Welcome to the sixth installment of our MYSTIC COSMIC PATROL WEEK ongoing feature!

Debuting yesterday at Funny or Die, “Mystic Cosmic Patrol” is a nostalgic sitcom romp of mystical proportions. Created as an homage to kid-friendly shows like “Power Rangers” and “Ultraman,” the fast-paced webisodes combine monsters and comedic mayhem to create a parody worth every bingeable minute.

We recently sat down with special effects makeup artist Cig Neutron to discuss Grinch smiling, embracing goofiness, and what you’ll find beneath the skin of his creatures.

TrunkSpace: Because the project wasn’t tied to a specific studio or network, there were a lot of “ifs” involved in “Mystic Cosmic Patrol.” Does working on an independent project require a leap of faith and what was it about this particular project that made you take that leap?
Neutron: Yes, it absolutely requires a leap of faith. A lot of projects like this come my way and I only take the ones I truly believe in. From the first time I met Gavin, I could tell that he had the creative fire, and those are exactly the types of people I want to work with.

TrunkSpace: Potty Mouth is an amazingly fun character. How quickly did he come together design-wise?
Neutron: Gavin and I are pretty much on the same page style and influence-wise, so as soon as he described the character I knew exactly what he wanted. When you work with people who are just as excited as you are, it doesn’t take long to arrive at an end result.

TrunkSpace: Does your process involve extensive sketching and planning or do you work directly from your brain?
Neutron: I actually don’t do very much sketching. For Potty Mouth, there were no preliminary designs. I just jumped right in and started fabrication. Gavin had enough faith in me that he actually didn’t see the full character together until the day it was supposed to shoot!

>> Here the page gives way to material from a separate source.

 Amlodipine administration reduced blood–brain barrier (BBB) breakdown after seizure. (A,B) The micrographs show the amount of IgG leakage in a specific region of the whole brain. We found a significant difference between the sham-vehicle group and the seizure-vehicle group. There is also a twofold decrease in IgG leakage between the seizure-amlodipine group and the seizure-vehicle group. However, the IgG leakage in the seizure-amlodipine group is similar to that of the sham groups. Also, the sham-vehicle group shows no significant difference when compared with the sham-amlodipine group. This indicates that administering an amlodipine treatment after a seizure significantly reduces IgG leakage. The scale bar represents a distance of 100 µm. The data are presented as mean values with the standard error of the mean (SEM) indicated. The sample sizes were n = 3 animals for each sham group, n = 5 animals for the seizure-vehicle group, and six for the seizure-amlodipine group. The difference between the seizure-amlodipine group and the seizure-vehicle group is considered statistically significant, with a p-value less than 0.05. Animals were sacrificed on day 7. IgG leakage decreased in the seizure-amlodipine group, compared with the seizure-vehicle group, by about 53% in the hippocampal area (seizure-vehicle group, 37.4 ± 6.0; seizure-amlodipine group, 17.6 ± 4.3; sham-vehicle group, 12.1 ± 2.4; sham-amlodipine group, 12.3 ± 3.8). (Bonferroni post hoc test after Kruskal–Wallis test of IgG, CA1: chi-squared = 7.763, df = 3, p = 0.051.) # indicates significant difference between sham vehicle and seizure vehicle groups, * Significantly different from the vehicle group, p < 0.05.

TrunkSpace: If “Mystic Cosmic Patrol” has a long future and turns into an ongoing series, would the longevity be part of the fun for you – getting to explore so many different designs within a single universe?
Neutron: Absolutely!! The genre and inspirations for the show are near and dear to my heart, so if I have a long run of making Kaiju, I’ll be Grinch smiling the whole way.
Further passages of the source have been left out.